The records below are to be transcribed exactly from their first line to the line that has "Pentru al doilea", inclusive, with every picture omitted.

* [Material supplied]:
──────────

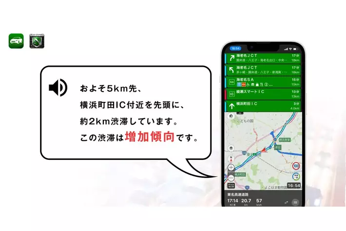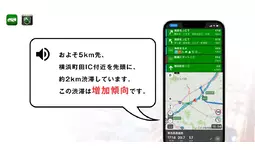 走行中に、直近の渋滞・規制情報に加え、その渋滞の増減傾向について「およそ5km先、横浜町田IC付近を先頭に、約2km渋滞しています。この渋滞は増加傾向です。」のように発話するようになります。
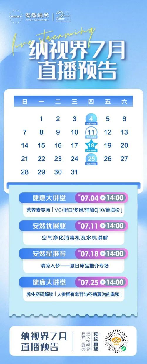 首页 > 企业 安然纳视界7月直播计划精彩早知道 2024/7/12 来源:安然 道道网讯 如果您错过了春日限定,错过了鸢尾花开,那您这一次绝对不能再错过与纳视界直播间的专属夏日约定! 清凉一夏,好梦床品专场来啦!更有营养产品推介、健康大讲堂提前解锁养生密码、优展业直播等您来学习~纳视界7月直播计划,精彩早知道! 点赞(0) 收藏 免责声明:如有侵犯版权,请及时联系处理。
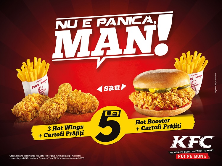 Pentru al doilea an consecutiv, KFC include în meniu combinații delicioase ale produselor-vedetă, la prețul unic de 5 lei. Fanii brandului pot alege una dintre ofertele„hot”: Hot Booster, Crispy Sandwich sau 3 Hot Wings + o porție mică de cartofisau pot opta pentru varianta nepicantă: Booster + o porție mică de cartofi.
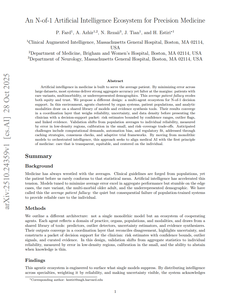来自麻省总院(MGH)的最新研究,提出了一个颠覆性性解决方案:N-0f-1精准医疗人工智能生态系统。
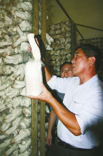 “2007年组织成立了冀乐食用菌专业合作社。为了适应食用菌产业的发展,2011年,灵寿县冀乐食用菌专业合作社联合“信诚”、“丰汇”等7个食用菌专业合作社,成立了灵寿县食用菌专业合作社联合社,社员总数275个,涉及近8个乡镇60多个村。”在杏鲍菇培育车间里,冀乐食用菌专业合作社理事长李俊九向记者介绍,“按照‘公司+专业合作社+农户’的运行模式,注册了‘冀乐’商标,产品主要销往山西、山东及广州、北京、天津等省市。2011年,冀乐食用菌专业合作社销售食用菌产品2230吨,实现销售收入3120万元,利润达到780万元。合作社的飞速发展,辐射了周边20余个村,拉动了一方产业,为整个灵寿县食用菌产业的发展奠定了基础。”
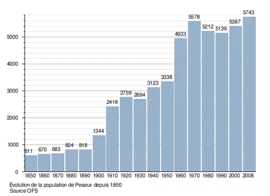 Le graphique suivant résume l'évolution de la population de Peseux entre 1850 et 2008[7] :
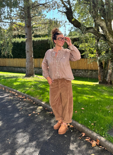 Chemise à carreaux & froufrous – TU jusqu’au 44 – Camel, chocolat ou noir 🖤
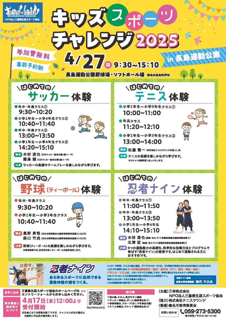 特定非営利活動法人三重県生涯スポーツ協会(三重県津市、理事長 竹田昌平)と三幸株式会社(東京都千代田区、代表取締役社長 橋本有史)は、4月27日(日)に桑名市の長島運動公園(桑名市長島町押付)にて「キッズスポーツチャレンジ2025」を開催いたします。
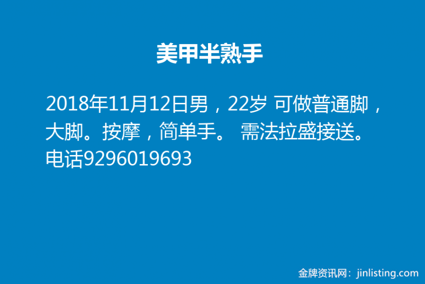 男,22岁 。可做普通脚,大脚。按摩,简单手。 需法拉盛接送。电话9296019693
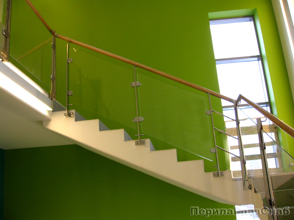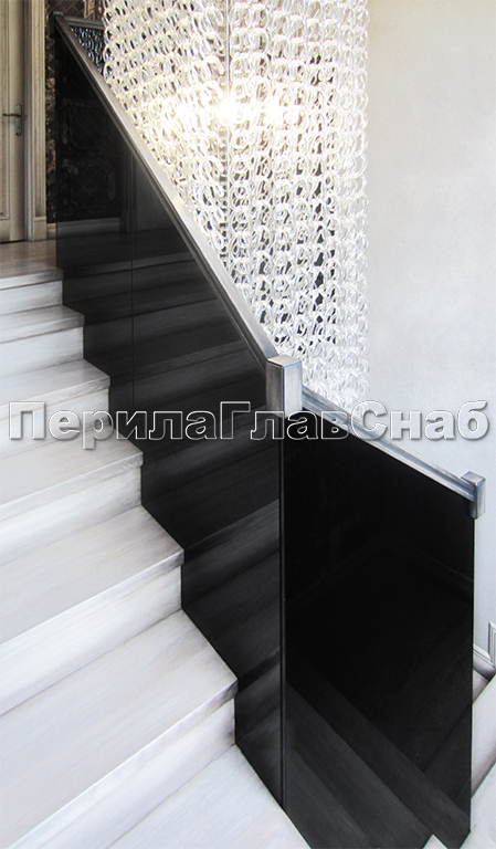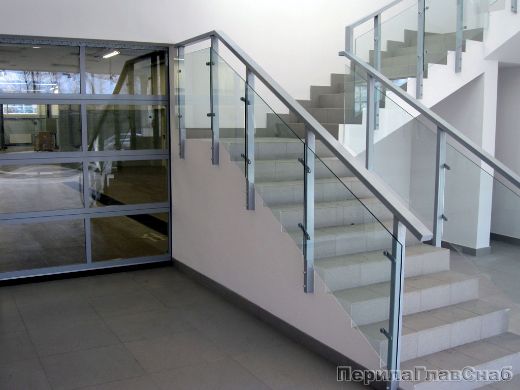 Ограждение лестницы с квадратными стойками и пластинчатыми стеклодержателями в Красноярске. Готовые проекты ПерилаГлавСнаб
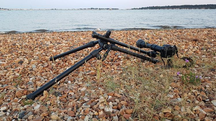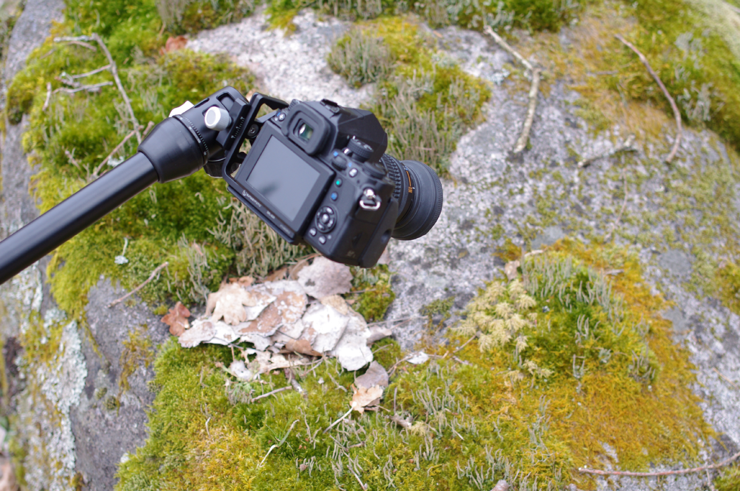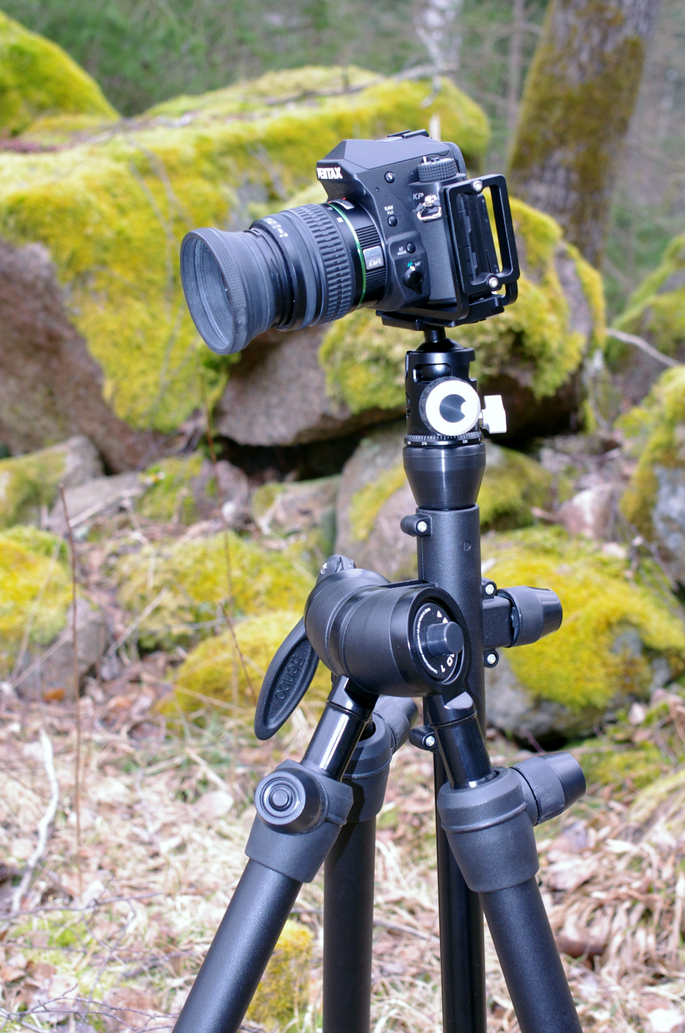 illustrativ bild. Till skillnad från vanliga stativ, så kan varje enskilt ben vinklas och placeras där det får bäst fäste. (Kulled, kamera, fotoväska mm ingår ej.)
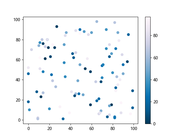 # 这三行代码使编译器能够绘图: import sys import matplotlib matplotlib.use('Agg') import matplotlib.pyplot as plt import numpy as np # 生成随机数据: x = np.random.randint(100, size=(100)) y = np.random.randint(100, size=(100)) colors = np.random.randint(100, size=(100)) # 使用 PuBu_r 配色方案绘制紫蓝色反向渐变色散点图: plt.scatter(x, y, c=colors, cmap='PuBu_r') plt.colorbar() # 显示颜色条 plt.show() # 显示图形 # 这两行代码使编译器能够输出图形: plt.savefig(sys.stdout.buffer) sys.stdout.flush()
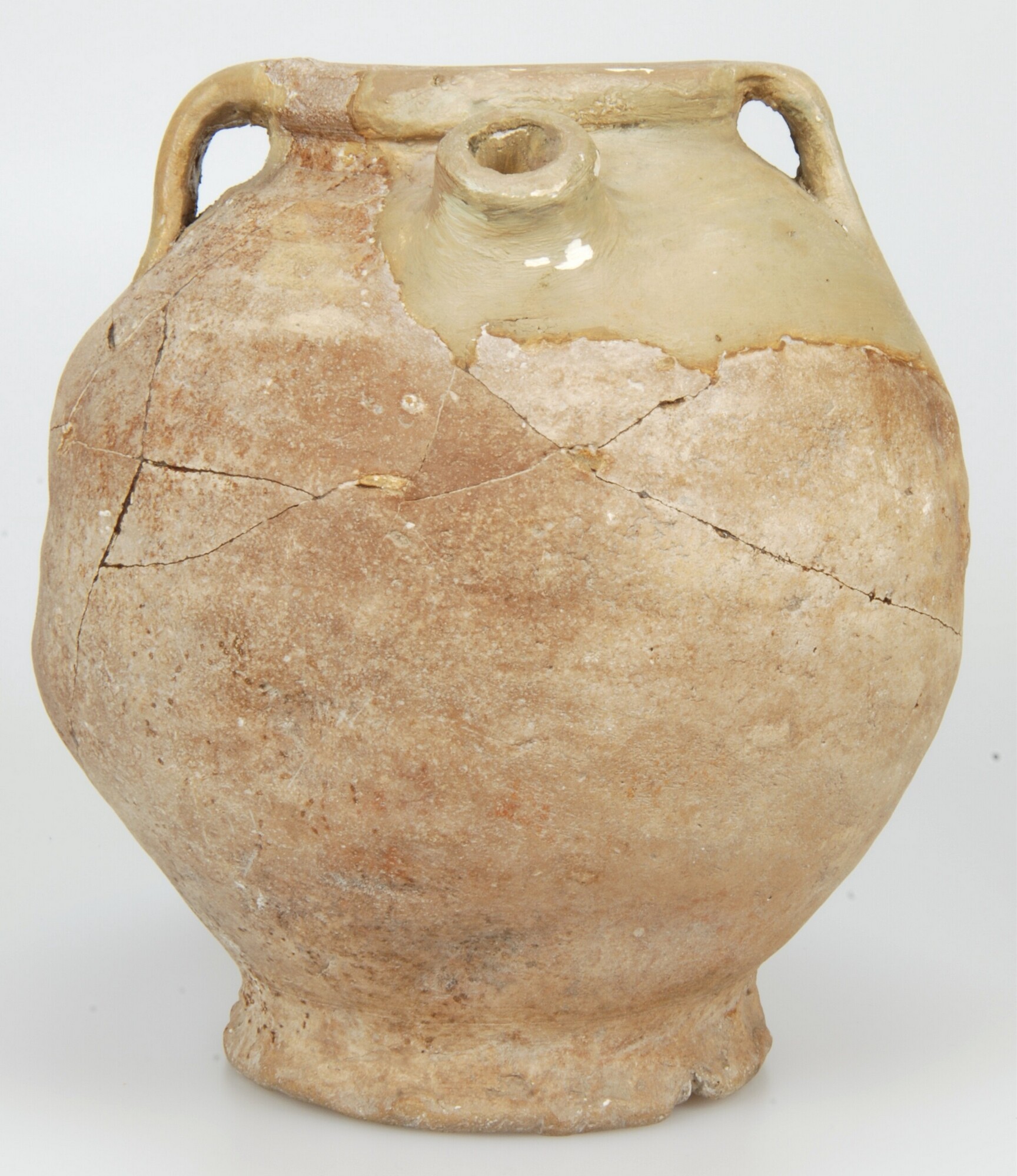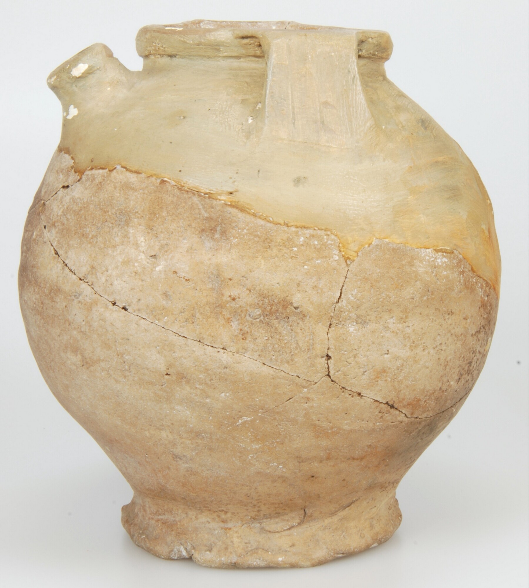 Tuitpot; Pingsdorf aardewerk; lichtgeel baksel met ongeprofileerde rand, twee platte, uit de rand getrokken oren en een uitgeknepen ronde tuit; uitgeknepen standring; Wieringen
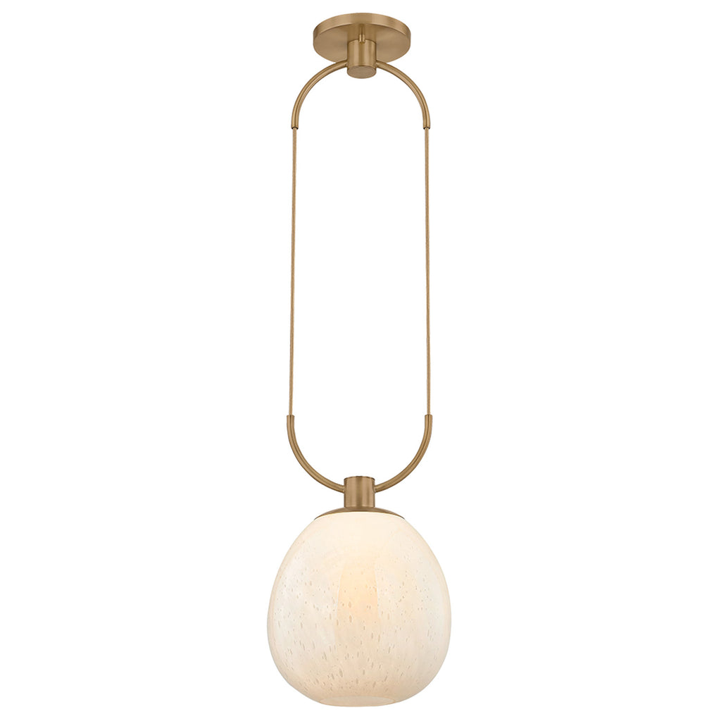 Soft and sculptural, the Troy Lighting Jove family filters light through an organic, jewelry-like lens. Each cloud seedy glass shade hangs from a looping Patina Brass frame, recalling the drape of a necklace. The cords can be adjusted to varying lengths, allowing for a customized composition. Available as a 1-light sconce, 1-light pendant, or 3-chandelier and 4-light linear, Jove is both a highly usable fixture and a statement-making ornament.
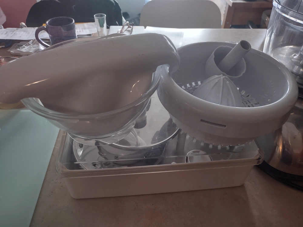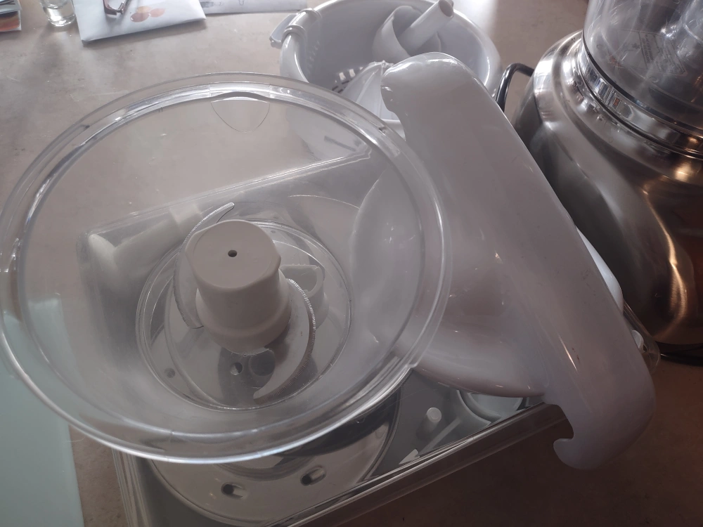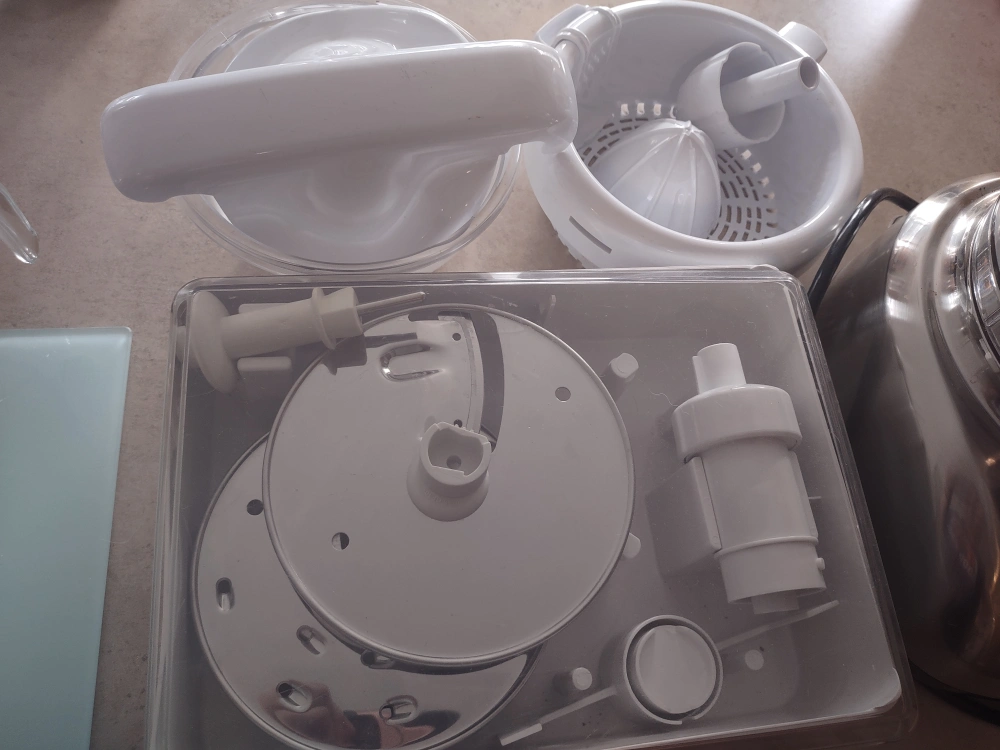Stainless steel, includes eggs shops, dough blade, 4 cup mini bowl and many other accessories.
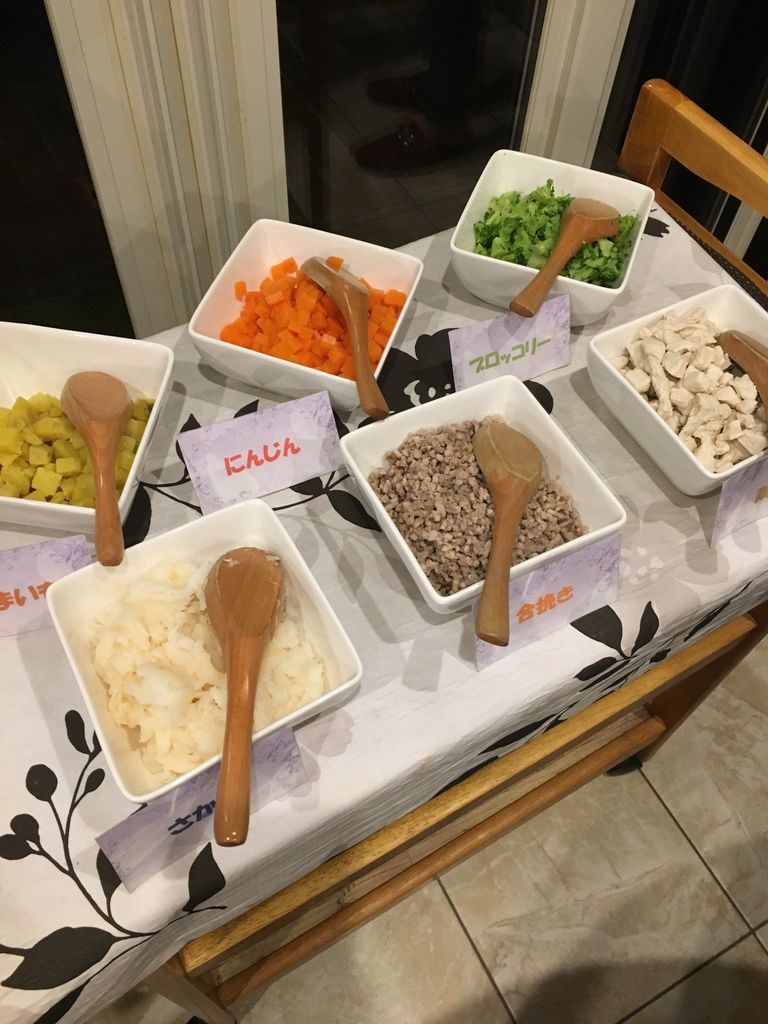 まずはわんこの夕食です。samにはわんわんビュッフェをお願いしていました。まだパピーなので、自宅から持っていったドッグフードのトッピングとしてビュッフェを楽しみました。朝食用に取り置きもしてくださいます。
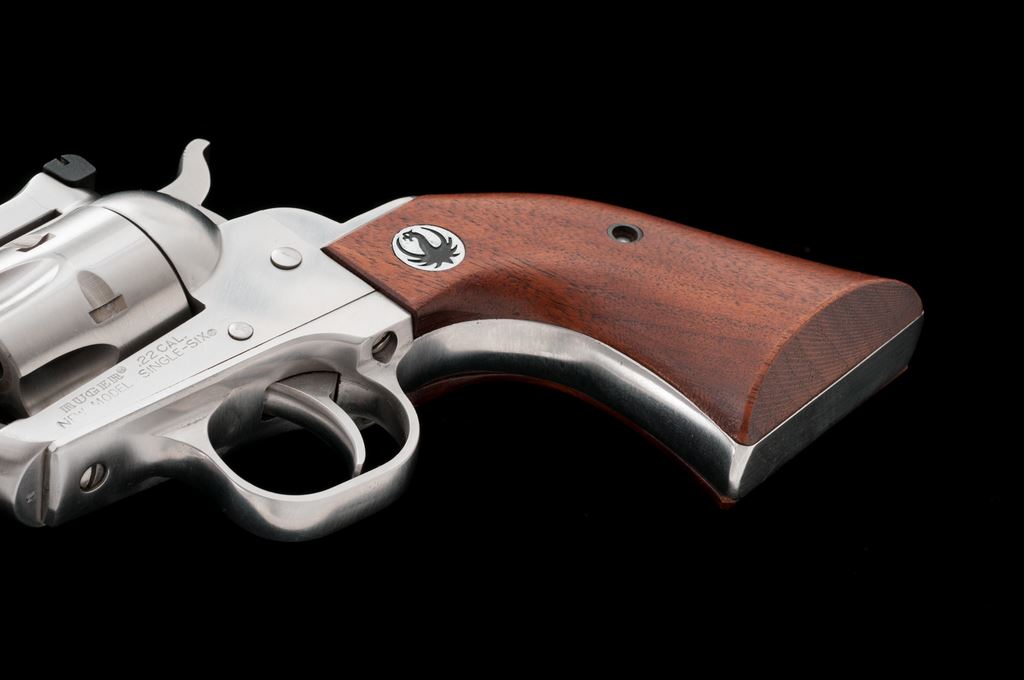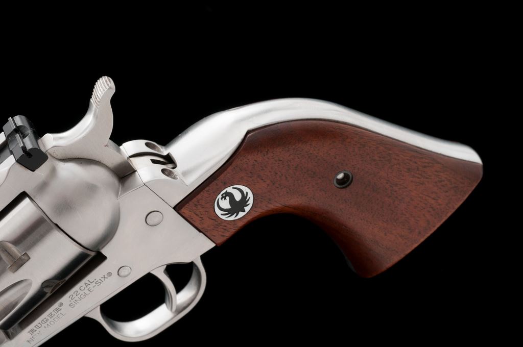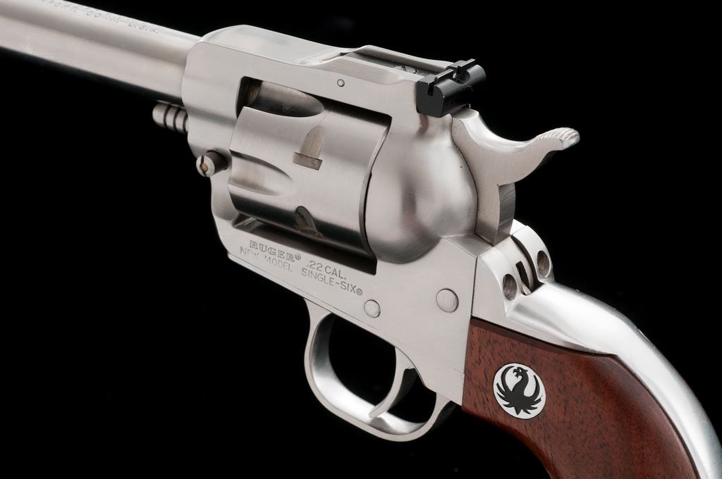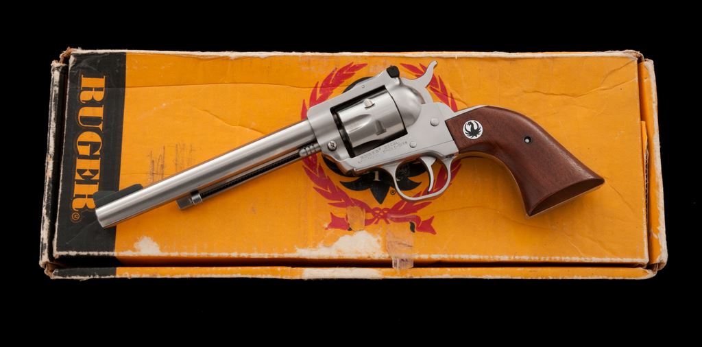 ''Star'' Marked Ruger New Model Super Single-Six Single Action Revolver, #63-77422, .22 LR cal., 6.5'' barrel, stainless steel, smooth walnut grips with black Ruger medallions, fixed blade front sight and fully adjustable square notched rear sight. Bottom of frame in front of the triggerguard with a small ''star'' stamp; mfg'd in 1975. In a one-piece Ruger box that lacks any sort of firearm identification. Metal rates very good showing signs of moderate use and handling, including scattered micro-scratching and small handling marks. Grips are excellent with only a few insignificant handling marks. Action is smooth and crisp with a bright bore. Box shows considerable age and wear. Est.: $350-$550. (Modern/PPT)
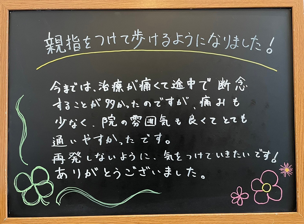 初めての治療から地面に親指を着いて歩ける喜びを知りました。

──────────

* [Task output]:
 走行中に、直近の渋滞・規制情報に加え、その渋滞の増減傾向について「およそ5km先、横浜町田IC付近を先頭に、約2km渋滞しています。この渋滞は増加傾向です。」のように発話するようになります。
 首页 > 企业 安然纳视界7月直播计划精彩早知道 2024/7/12 来源:安然 道道网讯 如果您错过了春日限定,错过了鸢尾花开,那您这一次绝对不能再错过与纳视界直播间的专属夏日约定! 清凉一夏,好梦床品专场来啦!更有营养产品推介、健康大讲堂提前解锁养生密码、优展业直播等您来学习~纳视界7月直播计划,精彩早知道! 点赞(0) 收藏 免责声明:如有侵犯版权,请及时联系处理。
 Pentru al doilea an consecutiv, KFC include în meniu combinații delicioase ale produselor-vedetă, la prețul unic de 5 lei. Fanii brandului pot alege una dintre ofertele„hot”: Hot Booster, Crispy Sandwich sau 3 Hot Wings + o porție mică de cartofisau pot opta pentru varianta nepicantă: Booster + o porție mică de cartofi.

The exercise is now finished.